• Records shown:
★ ★ ★ ★ ★
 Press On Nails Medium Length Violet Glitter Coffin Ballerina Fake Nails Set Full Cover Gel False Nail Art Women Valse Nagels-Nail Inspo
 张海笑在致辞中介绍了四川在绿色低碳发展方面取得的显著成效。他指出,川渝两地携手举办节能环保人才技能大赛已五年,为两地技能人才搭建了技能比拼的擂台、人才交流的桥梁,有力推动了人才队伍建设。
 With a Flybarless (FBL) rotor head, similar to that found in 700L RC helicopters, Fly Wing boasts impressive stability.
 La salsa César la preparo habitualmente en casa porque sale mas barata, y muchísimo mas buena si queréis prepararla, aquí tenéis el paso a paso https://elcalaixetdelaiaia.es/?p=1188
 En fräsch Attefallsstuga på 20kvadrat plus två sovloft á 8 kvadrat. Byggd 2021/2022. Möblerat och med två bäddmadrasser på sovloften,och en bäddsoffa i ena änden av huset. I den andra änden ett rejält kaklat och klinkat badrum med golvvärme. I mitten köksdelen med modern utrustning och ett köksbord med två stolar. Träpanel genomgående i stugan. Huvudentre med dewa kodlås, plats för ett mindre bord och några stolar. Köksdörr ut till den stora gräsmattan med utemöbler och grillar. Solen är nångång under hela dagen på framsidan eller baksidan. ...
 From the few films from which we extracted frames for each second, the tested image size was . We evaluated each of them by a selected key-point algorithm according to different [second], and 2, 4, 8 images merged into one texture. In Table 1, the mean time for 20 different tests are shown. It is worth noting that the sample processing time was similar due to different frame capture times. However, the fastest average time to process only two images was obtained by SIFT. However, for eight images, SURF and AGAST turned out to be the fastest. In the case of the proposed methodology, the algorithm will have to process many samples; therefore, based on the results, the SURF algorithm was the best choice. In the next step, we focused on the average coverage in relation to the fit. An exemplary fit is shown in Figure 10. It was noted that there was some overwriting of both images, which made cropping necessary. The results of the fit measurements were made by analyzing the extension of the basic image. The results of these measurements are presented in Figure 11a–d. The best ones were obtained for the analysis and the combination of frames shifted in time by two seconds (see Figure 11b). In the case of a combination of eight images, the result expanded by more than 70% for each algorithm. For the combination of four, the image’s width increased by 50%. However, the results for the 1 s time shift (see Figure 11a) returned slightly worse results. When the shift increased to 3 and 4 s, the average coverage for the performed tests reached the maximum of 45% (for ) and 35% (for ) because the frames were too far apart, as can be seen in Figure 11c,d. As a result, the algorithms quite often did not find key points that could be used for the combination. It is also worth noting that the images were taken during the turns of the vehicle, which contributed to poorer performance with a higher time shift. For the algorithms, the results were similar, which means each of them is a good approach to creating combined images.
★ ★ ★ ★ ★
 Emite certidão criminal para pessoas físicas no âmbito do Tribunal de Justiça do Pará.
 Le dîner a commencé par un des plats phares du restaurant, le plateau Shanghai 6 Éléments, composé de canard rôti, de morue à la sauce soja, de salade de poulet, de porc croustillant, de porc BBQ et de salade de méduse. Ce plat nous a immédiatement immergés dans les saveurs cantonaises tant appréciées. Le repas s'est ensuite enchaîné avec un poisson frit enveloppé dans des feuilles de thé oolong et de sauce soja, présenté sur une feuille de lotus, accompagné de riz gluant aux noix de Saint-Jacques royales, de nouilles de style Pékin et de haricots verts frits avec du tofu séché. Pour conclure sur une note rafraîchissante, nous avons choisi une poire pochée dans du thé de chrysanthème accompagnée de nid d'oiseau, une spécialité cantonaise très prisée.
★ ★ ★ ★ ★
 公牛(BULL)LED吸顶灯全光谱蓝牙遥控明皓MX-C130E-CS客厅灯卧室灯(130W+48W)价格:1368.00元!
★ ★ ★ ★ ★
• Task to carry out: Out of the material above, gather each line where "plats" appears.

• Result of this exercise:
 En fräsch Attefallsstuga på 20kvadrat plus två sovloft á 8 kvadrat. Byggd 2021/2022. Möblerat och med två bäddmadrasser på sovloften,och en bäddsoffa i ena änden av huset. I den andra änden ett rejält kaklat och klinkat badrum med golvvärme. I mitten köksdelen med modern utrustning och ett köksbord med två stolar. Träpanel genomgående i stugan. Huvudentre med dewa kodlås, plats för ett mindre bord och några stolar. Köksdörr ut till den stora gräsmattan med utemöbler och grillar. Solen är nångång under hela dagen på framsidan eller baksidan. ...
 Le dîner a commencé par un des plats phares du restaurant, le plateau Shanghai 6 Éléments, composé de canard rôti, de morue à la sauce soja, de salade de poulet, de porc croustillant, de porc BBQ et de salade de méduse. Ce plat nous a immédiatement immergés dans les saveurs cantonaises tant appréciées. Le repas s'est ensuite enchaîné avec un poisson frit enveloppé dans des feuilles de thé oolong et de sauce soja, présenté sur une feuille de lotus, accompagné de riz gluant aux noix de Saint-Jacques royales, de nouilles de style Pékin et de haricots verts frits avec du tofu séché. Pour conclure sur une note rafraîchissante, nous avons choisi une poire pochée dans du thé de chrysanthème accompagnée de nid d'oiseau, une spécialité cantonaise très prisée.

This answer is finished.